## Problem statement
Pull out the lines from the one containing "经过精挑细选的金丝皇菊被村民" through the final line of the listing below and repeat them exactly. Leave the pictures behind.

──────── Data below

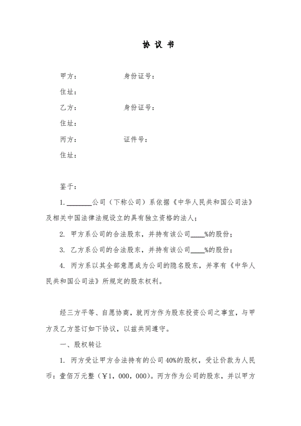 隐名股东协议书
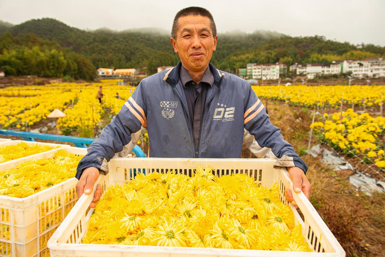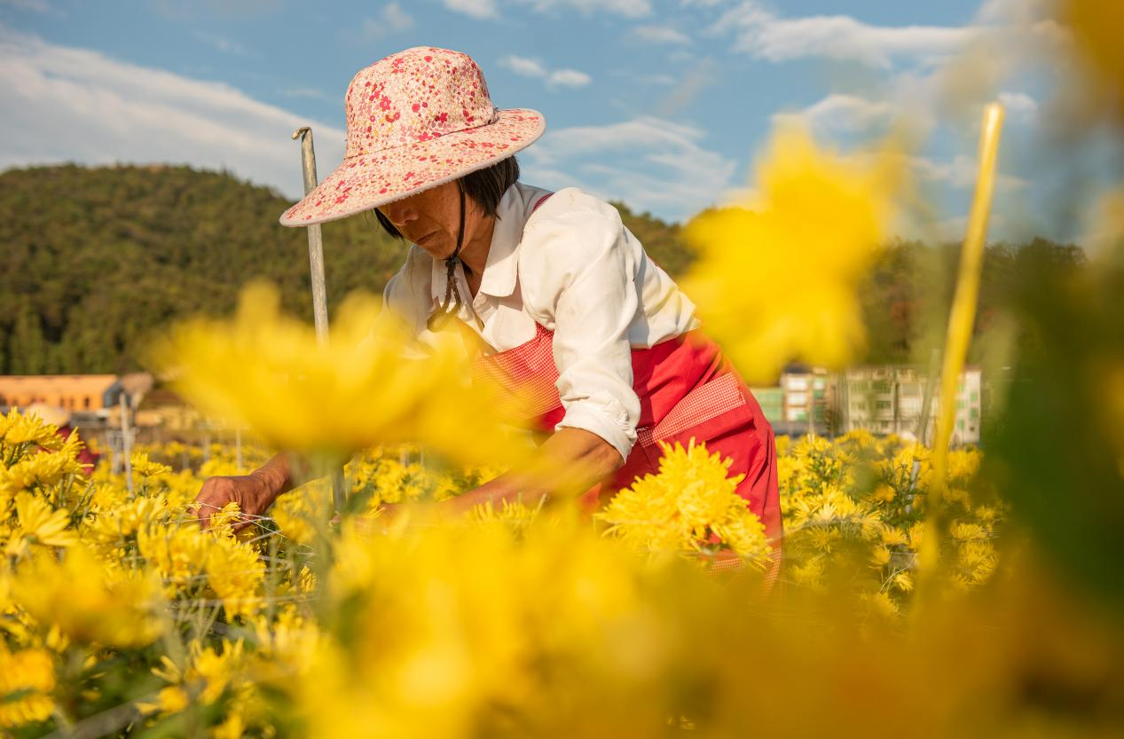 经过精挑细选的金丝皇菊被村民们小心翼翼地放入筐中,一朵朵菊花,不仅是游客们赏景拍照的心头好,也是当地村民钱袋子鼓起来的希望。
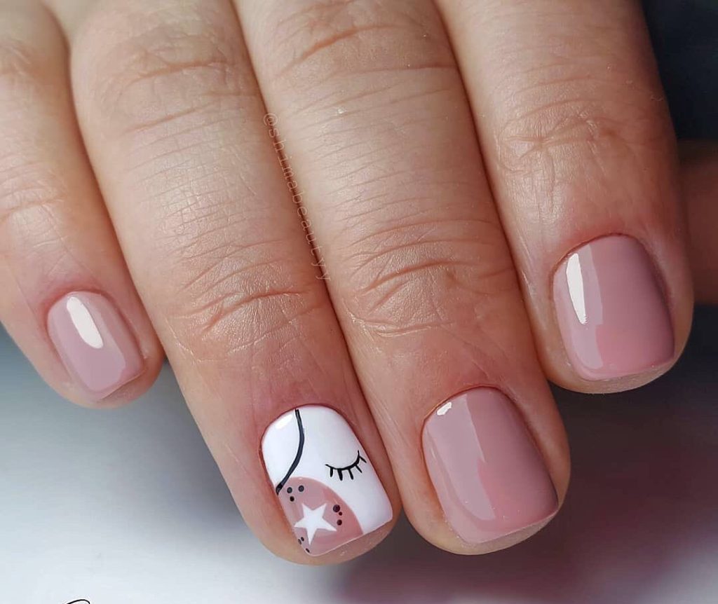 Un diseño muy delicado. Pinta las uñas de color rosa exceptuando el anular. En él aplica el color blanco como base y en una esquina dale un toque de color con el rosa de las bases. Para decorar haremos una estrella blanca sobre la mancha y con un pincel delgado haremos unos puntos alrededor. También diseña un párpado cerrado con unas pestañas simulando un ojo cerrado y tenemos el diseño completo.

────────────────

## Task output
 经过精挑细选的金丝皇菊被村民们小心翼翼地放入筐中,一朵朵菊花,不仅是游客们赏景拍照的心头好,也是当地村民钱袋子鼓起来的希望。
 Un diseño muy delicado. Pinta las uñas de color rosa exceptuando el anular. En él aplica el color blanco como base y en una esquina dale un toque de color con el rosa de las bases. Para decorar haremos una estrella blanca sobre la mancha y con un pincel delgado haremos unos puntos alrededor. También diseña un párpado cerrado con unas pestañas simulando un ojo cerrado y tenemos el diseño completo.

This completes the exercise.